----- RECORDS FOR THE TASK -----
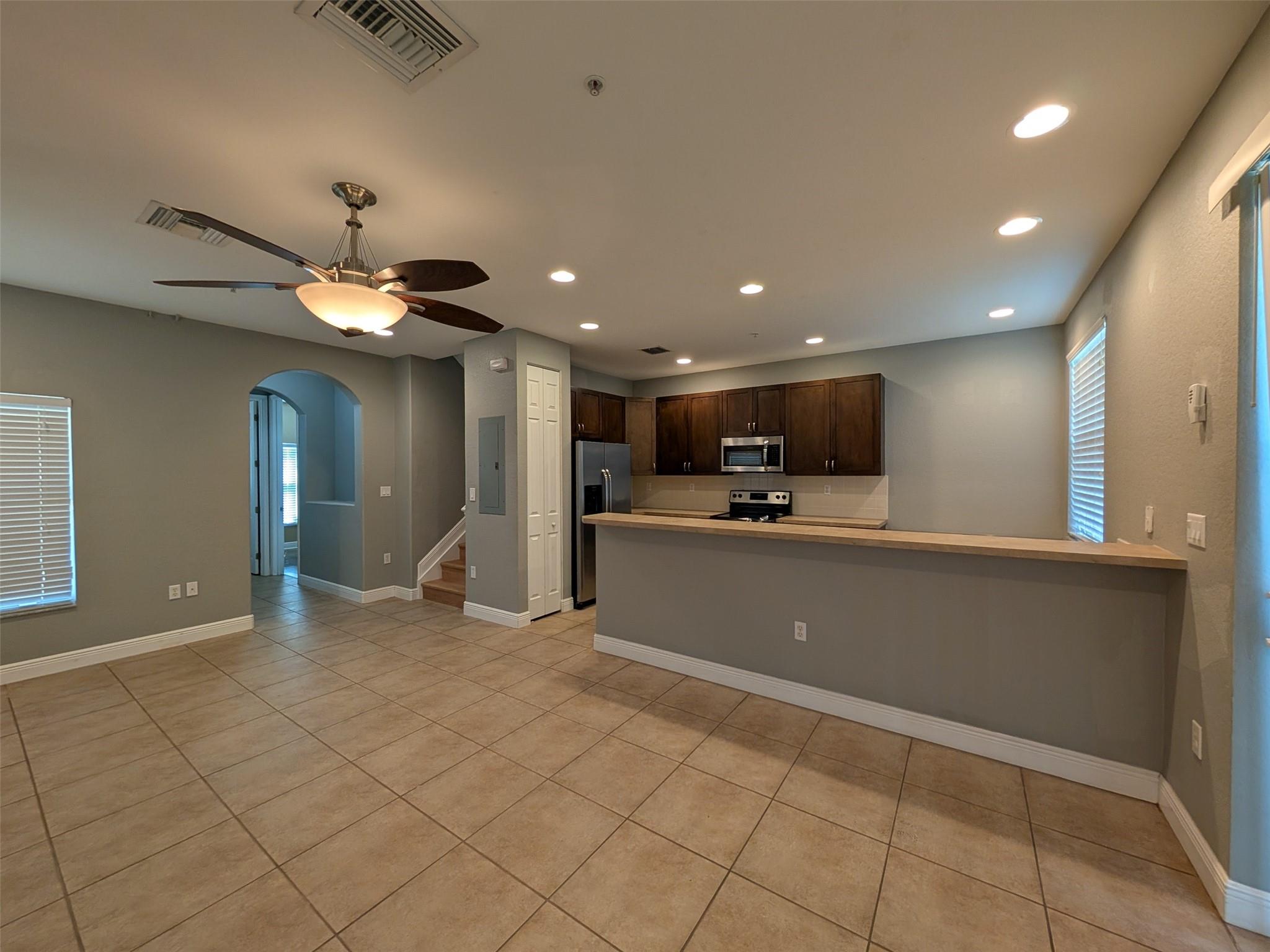 Specious three bedrooms and three full bathrooms, corner town house, One bedroom and one full bathroom first floor. Upgraded kitchen cabinets with stainless steel appliances. Brand new vinyl flooring second floor and stairs. Washer and dryer located in the second floor for your convenience. Gated community. Near shopping, and highways
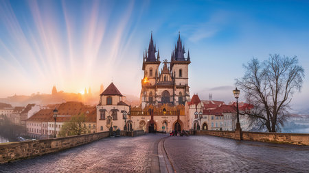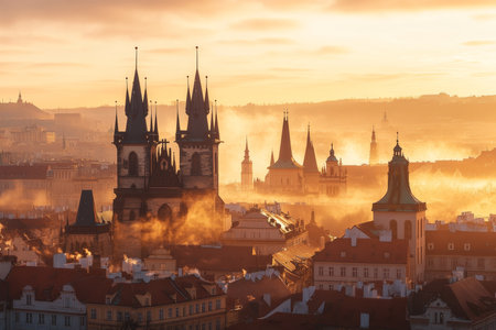 Enchanting sunrise over prague skyline iconic spires, medieval architecture, and dreamy fog
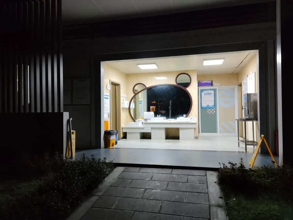 停车场是全天24小时可进出的,房车区是在“东六门”的停车场,这儿的周边配套比较齐全。100步之内就有公厕,可洗漱,并且还有简易淋浴间,带电热水器那种哦。
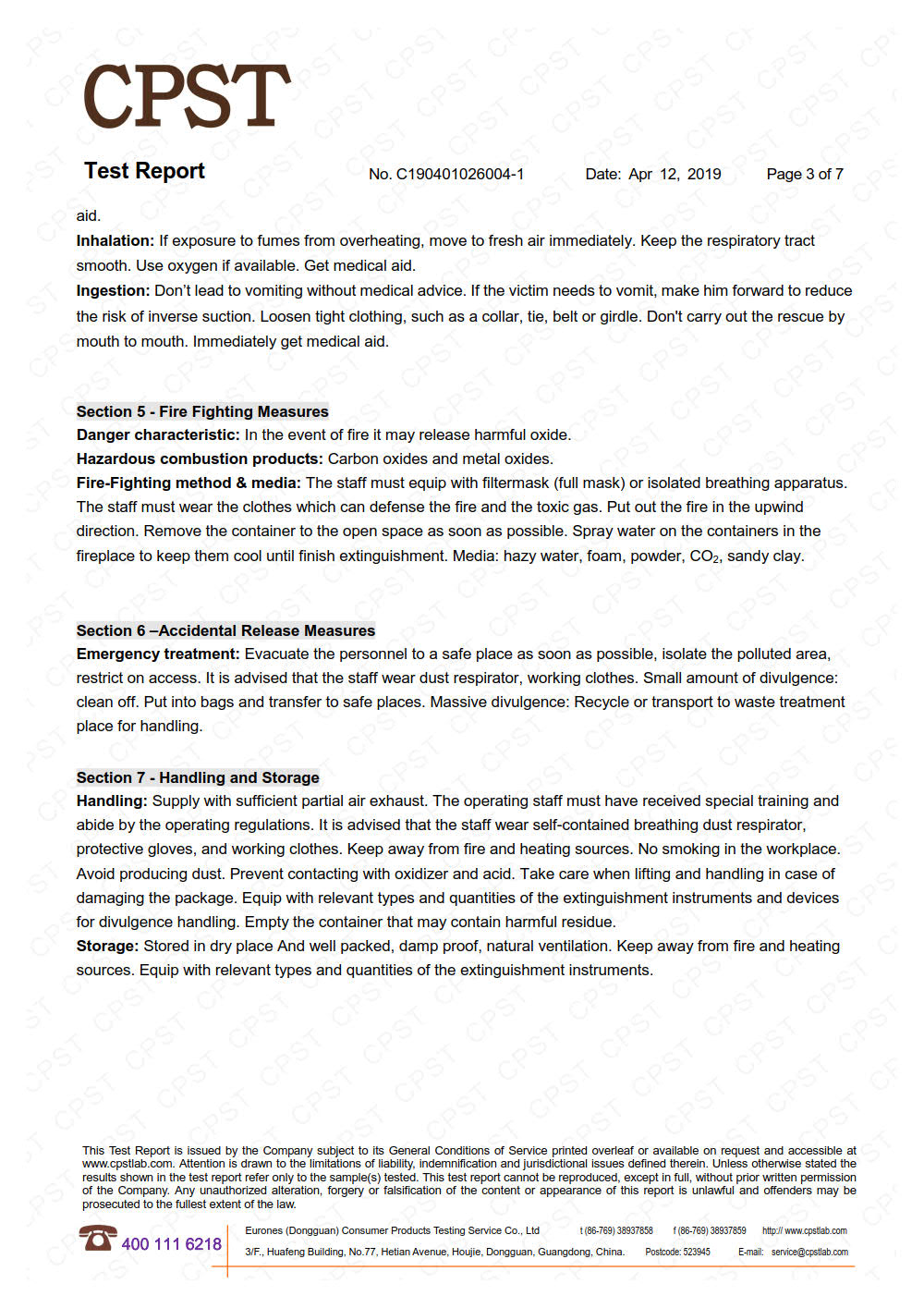 All the data are based on the existing theoretical basis. We guarantee that the product does not have any characteristics of dangerous goods and does not affect the establishment of effective contractual relationship.
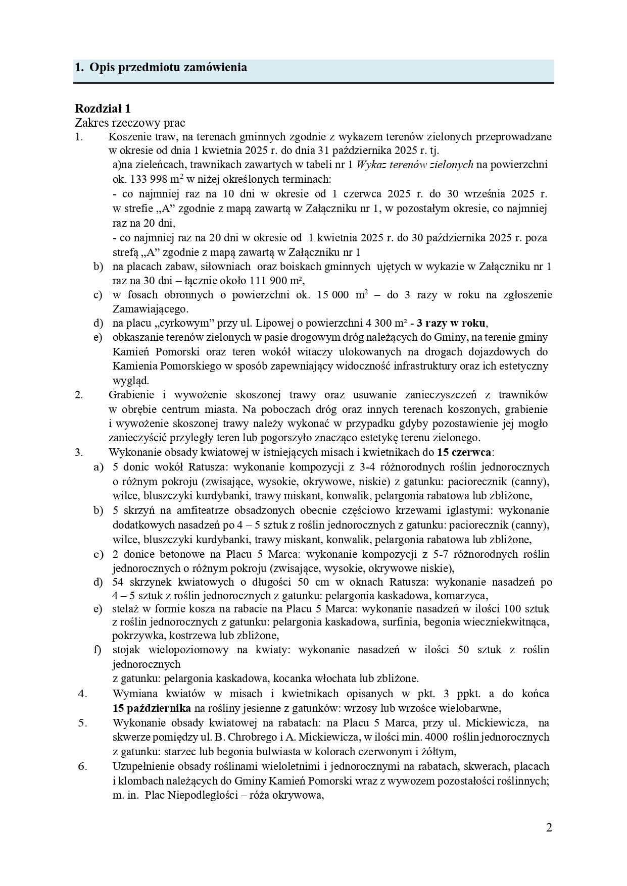 Za to na placach zabaw, siłowniach oraz boiskach gminnych, również na terenach wiejskich, raz na 30 dni – łącznie około 111 900 m². W fosach obronnych o powierzchni ok. 15 000 m2 – na zgłoszenie gminy do 3 razy w roku. Na placu „cyrkowym” (nazewnictwo z przetargu) przy ul. Lipowej o powierzchni 4 300 m² – 3 razy w roku. Do tego PGK było zobowiązane do obkaszania terenów zielonych w pasie drogowym dróg należących do gminy oraz terenu wokół witaczy ulokowanych na drogach dojazdowych do Kamienia w sposób zapewniający widoczność infrastruktury, oraz ich estetyczny wygląd. Czy tak było?
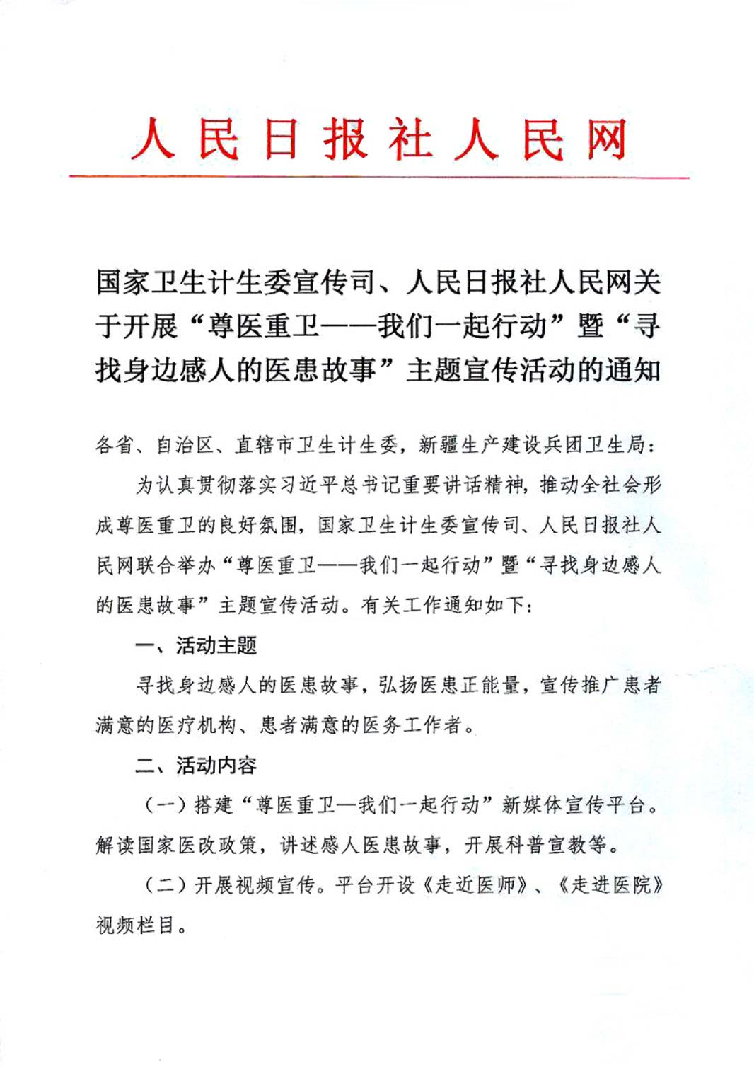 国家卫生计生委宣传司 人民日报人民网关于开展尊医重卫活动的通知
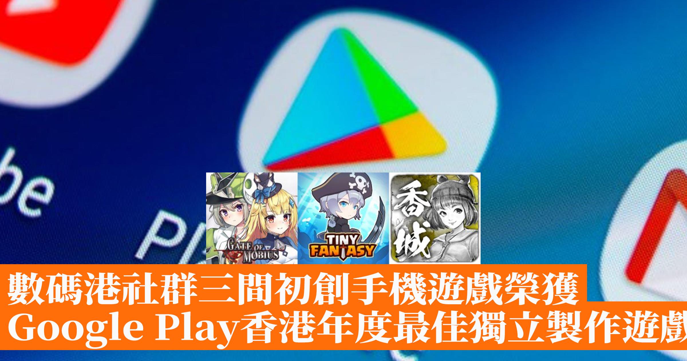 數碼港三間培育初創設計的手機遊戲, 包括(由左至右)哥布林遊戲公司的「梅比斯之門」、迷你龍公司的「迷你戰記:動作冒險RPG 」,及添使命工作室的「打工英雄傳2:香城風雲」;入選2021年Google香港區年度最佳獨立製作遊戲。
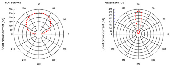 Polar patterns of the short-circuit current of the LED with a flat surface (left) and the LED packaged with a glass lens (right).
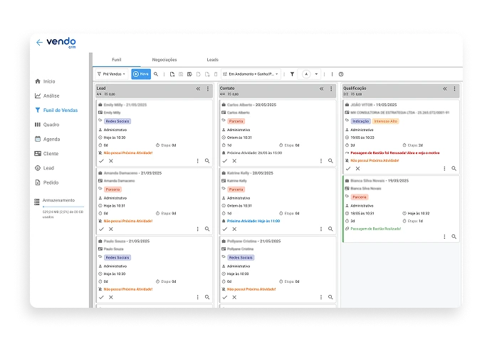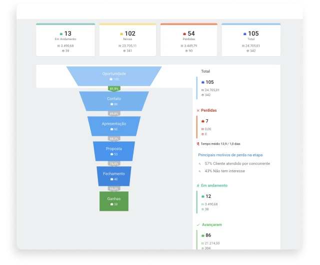 Organize suas negociações com um funil de vendas e tenha clareza do processo e do trabalho que você executa no dia a dia, trazendo organização e visibilidade das informações dos seus clientes, seja você um gestor, líder de equipe ou vendedor.
-----
» **TASK DESCRIPTION**
Each line from the one that contains "Enchanting sunrise over" down to the one that contains "All the data" is to be returned exactly as it stands above, both ends included, with pictures removed.

» **THE ANSWER**
 Enchanting sunrise over prague skyline iconic spires, medieval architecture, and dreamy fog
 停车场是全天24小时可进出的,房车区是在“东六门”的停车场,这儿的周边配套比较齐全。100步之内就有公厕,可洗漱,并且还有简易淋浴间,带电热水器那种哦。
 All the data are based on the existing theoretical basis. We guarantee that the product does not have any characteristics of dangerous goods and does not affect the establishment of effective contractual relationship.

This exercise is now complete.